Latency-associated genes

EBV and KSHV have multicopy circular genomes present in the nucleus, which rarely integrates, and exists as episomes tethered to, and copied with, the host DNA. Herpesviruses have lytic and latent states, but oncogenesis is generally associated with latency. The latent genome encodes a range of latency coding and non-coding RNAs that play a role in immune evasion, enhance survival and cycle cell progression, manipulate cell signaling as well as control viral latency (Table 1) [15]. Unlike the relativity few oncogenes in other virus-associated cancers, herpesviruses have a concert of elements that contribute to episome stability and oncogenesis, which could be noteworthy targets for designer nucleases.

Designer nucleases to EBV and KSHV

The oncogenic ability of EBV is clearly established as it can transform its main cell type, B lymphocytes, in vitro [70], and the presence of EBV provides a survival advantage to the tumor cell [71]. The EBV genome encodes a wide range of factors that promote tumorigenesis, so strategies have focused on the eradication of the EBV genome through either nuclease-mediated cleavage and degradation, or targeting viral proteins involved in episome maintenance. After EBV infection, the genome progresses through a series of latency programs with an ever-reducing number of expressed genes, but EBV nuclear antigen 1 (EBNA1) is common to all latency states. Apart from its roles in immune evasion and oncogenesis [72], EBNA1 is essential for the persistence of the viral genome as inhibitors reduce the genome copy number [73] and EBNA1 depletion inhibits tumor proliferation [74,75,76], making it a rational anti-tumor target.
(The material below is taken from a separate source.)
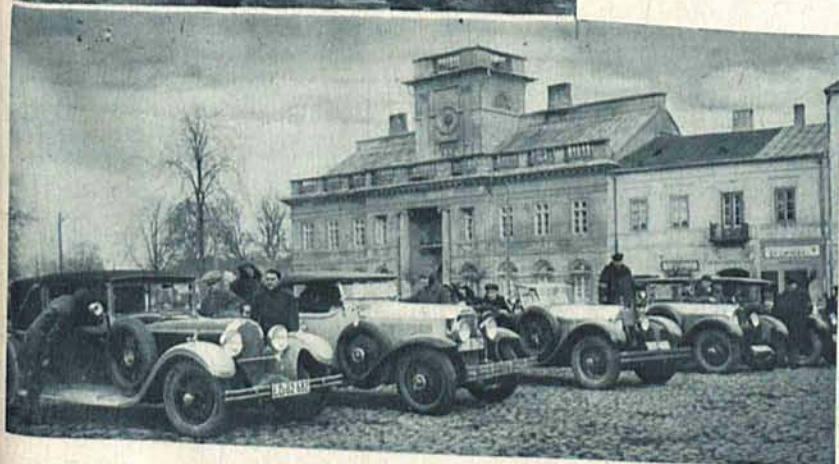
Zwycięskie wozy na śniadaniu w Łowiczu.

However, the anti-proliferative effects of inactivating EBNA1 or genomic depletion in several studies has either been difficult to achieve, or not characterized for anti-tumor effects. Noh et al. [77], targeted EBNA1 with TALENs, which required multiple treatments and clonal expansion to observe reduced proliferation in the edited clones. Nevertheless, reduced clonal outgrowth was observed in EBNA1 ‘low’ clones in two lymphocyte and one gastric tumor cell lines, demonstrating proof-of-concept that inactivating EBNA1 with nucleases could suppress a range of EBV malignancies. Wang and Quake [78], used CRISPR/Cas with seven sgRNAs targeted to numerous repeat sequences simultaneously in order to increase the likelihood of episome fragmentation. Large deletions were observed in enriched cell populations resulting in an induction of apoptosis and an 85% reduction in viral genome copy number. Others have also confirmed the reduction in EBV copy number when targeting EBNA1 and oriP (the EBNA1 binding site in the episome), and a combination of sgRNAs were needed for high-level episome eradication (up to 95%), but anti-tumor effects were not studied [79]. Another study targeting EBNA1, oriP and W repeats with multiple sgRNAs in NPCs reduced EBV DNA up to 50%, but did not reduce viability, which might reflect issues with observing effects in bulk cell populations and an episome ‘eradication threshold’ for anti-tumor effects [80]. In KSHV, latency-associated nuclear antigen (LANA) is likewise involved in episome maintenance, suppresses p53 [81] and pRb [82], and its knockdown resulted in KSHV episome reduction and apoptosis in PEL cells [83]. CRISPR/Cas was tested against LANA and delivered using a replication-incompetent adenovirus type 5 (Ad5) as a viral delivery platform [84]. Immortalized cell lines subsequently infected with KSHV were treated with the Ad5-CRISPR vector, which reduced LANA protein and nearly eradicated the episomes. As the cell lines were not KSHV-dependent, effects on growth could not be observed, but may be a promising approach to deplete KSHV genomes. The loss of genomes was also observed when engineering CRISPR knockouts of the ORF57 gene in PEL cells [85], which further suggests that simply targeting the episome could result in nuclease-mediated degradation (Fig. 1). Nevertheless, virus genome depletion as an anti-tumor strategy in KSHV and EBV requires significantly more characterization as it’s unclear if this represent a viable approach.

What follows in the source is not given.